(ACTION ITEM): Leave out the pictures, and quote exactly the lines running from the one with "Video cameras are" through the last line of the entries below.

(THE DATA):
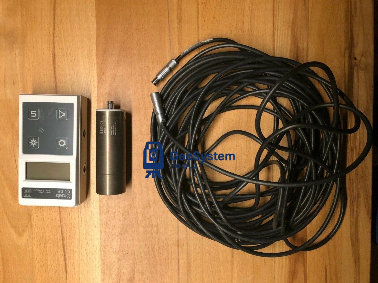 Geiger counter Graetz X 5 DE with additional external probe Graetz 18550 DE incl. connection cable approx. 15 m long.Both internal probe and ext.Probe checked with a test source.Both probes fully functional.The device was permanently installed for room surveillance.Very good condition, hardly any signs of wear.
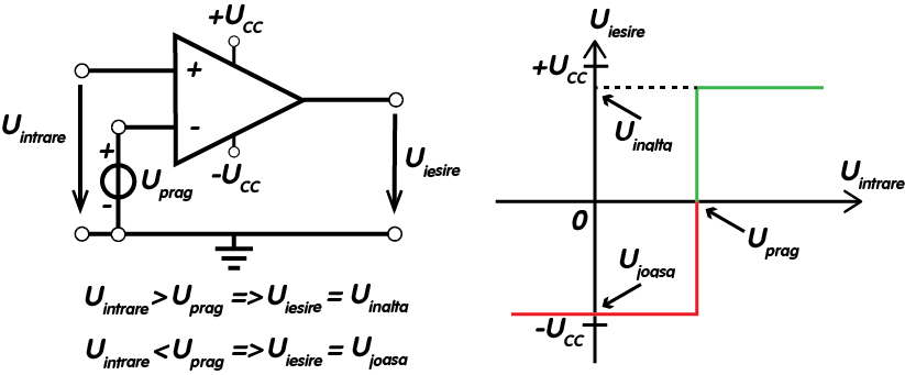 Comparatorul de tensiune este un circuit, care are două intrări și o singură ieșire, având structura unui amplificator operațional fără reacție (vom vedea mai târziu ce este amplificatorul operațional). Pe una din cele două intrări se aplică o tensiune fixă (denumită tensiune de prag), iar pe cealaltă intrare se aplică o tensiune care este comparată cu tensiunea de prag. În urma comparației se stabilește una din cele două valori posibile la ieșire, valori prezentate în ecuațiile din figura de mai jos:
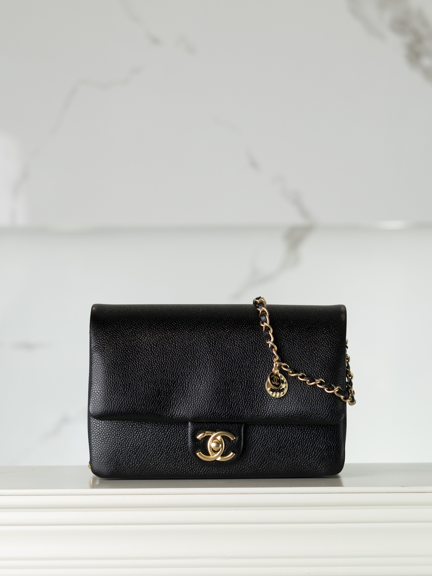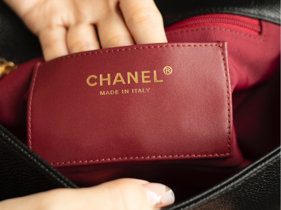 • [JD] 샤넬 24K 캐비어 금장 배이직 플랩백 미디엄 13*22*7cm 블랙 CHANEL
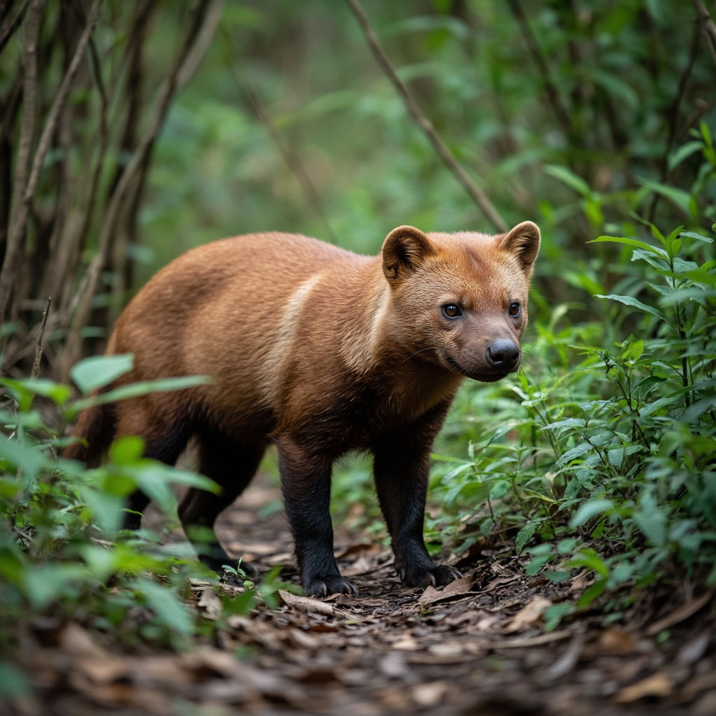 Кустарниковая собака (Speothos venaticus) — хищное млекопитающее семейства псовых, единственный современный вид рода Speothos. Внешне она напоминает выдру или иное полуводное животное и считается одним из древнейших представителей псовых. Ближайший родственник — гривистый волк. Кустарниковая собака выделяется необычной для псовых внешностью: Распространена в Центральной и Южной Америке: Предпочитает: Основу рациона составляют крупные грызуны: Стаи могут охотиться на более крупную добычу: Тактика охоты: часть стаи загоняет жертву в воду, где её поджидают другие члены группы. Мясо глотают не разжёвывая — это связано с уменьшенным числом и слабым развитием коренных зубов. Кустарниковая собака — удивительный пример адаптации к жизни в густых тропических лесах и околоводных биотопах Южной Америки. Её необычный облик и социальное поведение делают этот вид объектом пристального внимания учёных и любителей природы. Сохранение естественной среды обитания критически важно для выживания кустарник
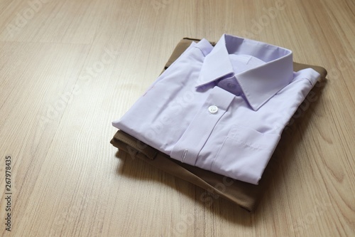 white shirt and brown pants lay on the wooden floor
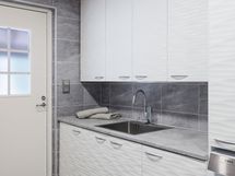 Kodinhoitohuoneessa kuraeteinen, kaapistot, pesuallas, pesukoneliitäntä, työtasot laminaattia, välitila laatoitettu, käynti ulos.
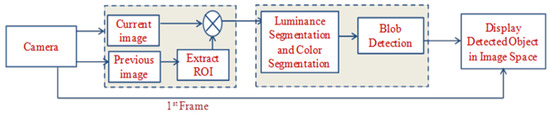 Video cameras are one of the most commonly used sensors in a wide range of applications, such as the detection, tracking, and recognition of objects. A single onboard camera has been mounted at the front of the robot to detect and track objects. The object detection process can be divided into four main procedures, as illustrated in Figure 2 and the following four algorithmic steps:
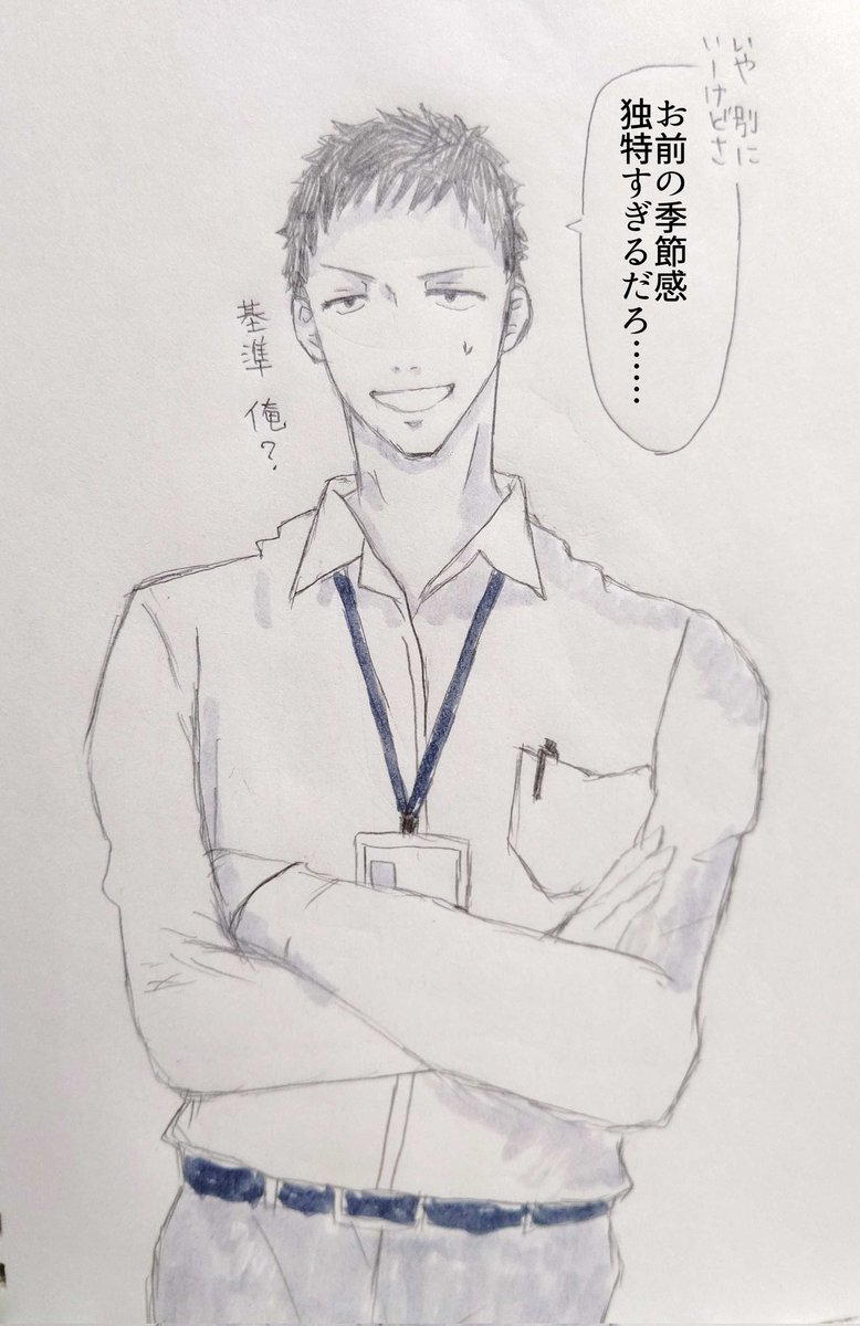 同僚から「社が袖めくらないようになったら秋だなって実感する」と言われてて欲しい(妄想甚だしい) そしてこういう返答をしてる推しが居てほしい(妄想甚だしい) #社築納品物

(OUTPUT OF THE TASK):
 Video cameras are one of the most commonly used sensors in a wide range of applications, such as the detection, tracking, and recognition of objects. A single onboard camera has been mounted at the front of the robot to detect and track objects. The object detection process can be divided into four main procedures, as illustrated in Figure 2 and the following four algorithmic steps:
 同僚から「社が袖めくらないようになったら秋だなって実感する」と言われてて欲しい(妄想甚だしい) そしてこういう返答をしてる推しが居てほしい(妄想甚だしい) #社築納品物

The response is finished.